Mereka berdiri dalam keheningan. Tak seorang pun ingin mengatakan apa yang mereka pikirkan.
Kemudian Ren berbicara sambil tersenyum. “Untungnya, masalahnya sudah teratasi.”
Semua orang menoleh kepadanya, langsung merasa lega.
“Syukurlah,” gumam Thorn. “Makanannya apa?”
“Makhluk-makhluk dari Deep bisa dimakan,” kata Ren, dan keheningan menyelimuti ruangan.
Semua orang menatapnya.
Jika dia mengingat wiki dengan benar, makhluk laut dalam itu bisa dimakan. Hanya saja ada beberapa… syarat.
“Jika Anda membunuh ikan di sini dan memakannya sebelum lebih dari sepuluh menit, dagingnya tidak akan busuk. Lebih dari sepuluh menit, dagingnya akan menjadi limbah biologis. Selain itu, Anda harus memakannya mentah.”

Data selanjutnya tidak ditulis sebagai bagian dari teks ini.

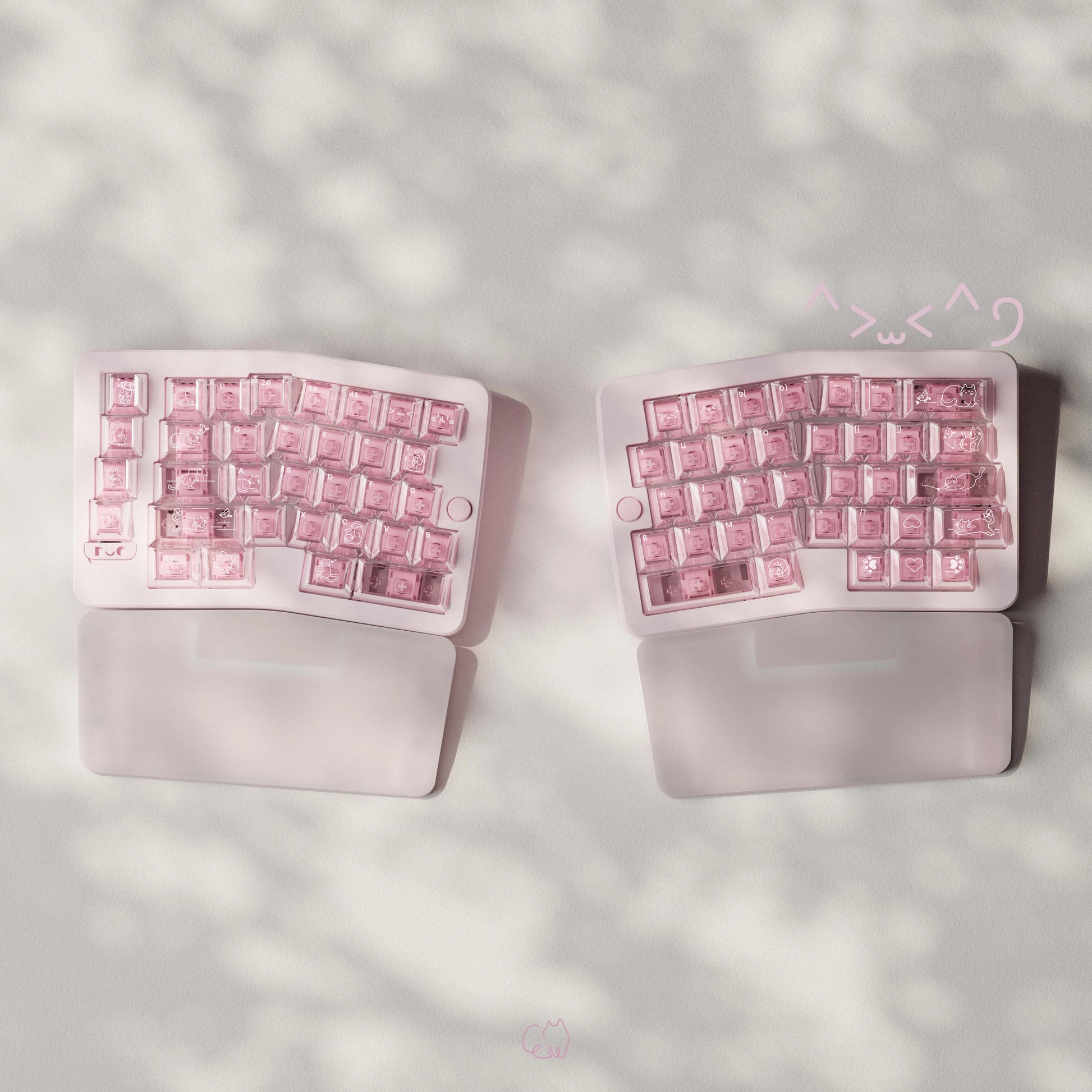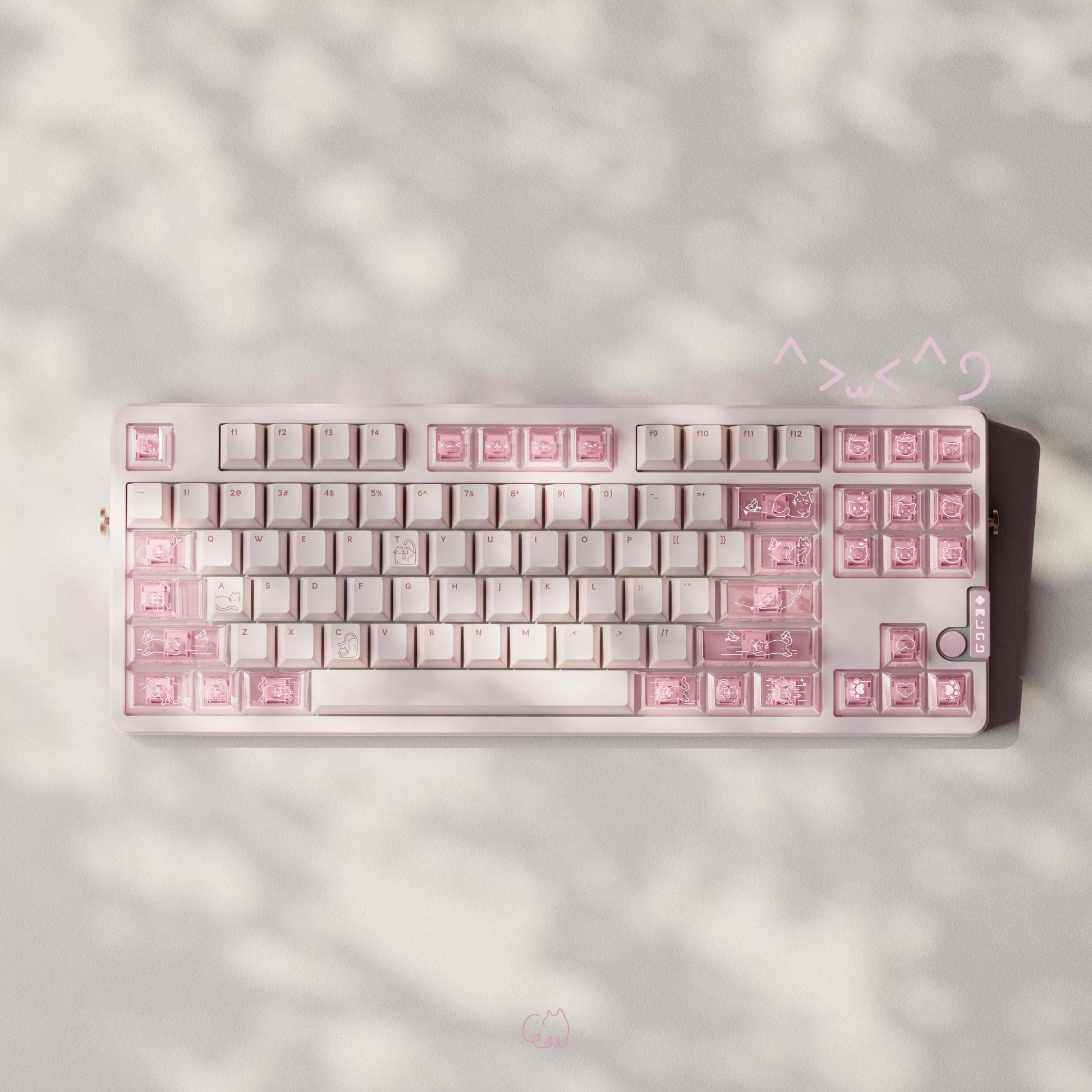 Cute Jelly Cat Theme Keycaps 140 keys PBT+PC Keycaps Pink Cherry Profile Custom Key Caps for Mechanical Keyboard Gift PC Gamer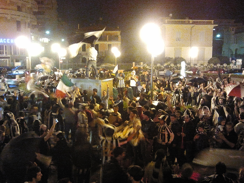 Anche a Senigallia – nonostante il maltempo – nell’immediato post partita clackson e pacifiche urla di esultanza a lungomare per il ritorno allo scudetto della Juventus avvenuto domenica sera (6 maggio) attorno alle 22.45 dopo il successo contro il Cagliari per 2-0 e la contemporanea sconfitta del Milan, 4-2 nel derby contro l’Inter.

Thorn merasa mual. “Ikan mentah? Apa kau serius?”
Ren mengangguk. “Jika dimasak atau terkena api, itu akan menjadi beracun. Semacam reaksi internal terhadap panas. Tapi mentah, aman. Hampir tidak aman.”
Elias mengangkat alisnya. “Bagaimana itu bisa membantu kita?”
“Jika kita melihat sesuatu yang cukup kecil untuk dibunuh dan dibawa masuk,” kata Ren, “kita akan mengambilnya. Lilith dan aku akan menanganinya. Zuzu akan menjaga agar kita tetap bergerak. Elias akan berjaga-jaga. Thorn…”
“…muntah di pojok,” gumam Thorn.
“…membantu sebisa mungkin.” Ren mengakhiri kalimatnya dengan senyum lebar.
“Tunggu.” Thorn menyipitkan matanya. “Kenapa kau tersenyum?”
Senyum Ren semakin lebar. “Aku selalu ingin mencoba sushi.”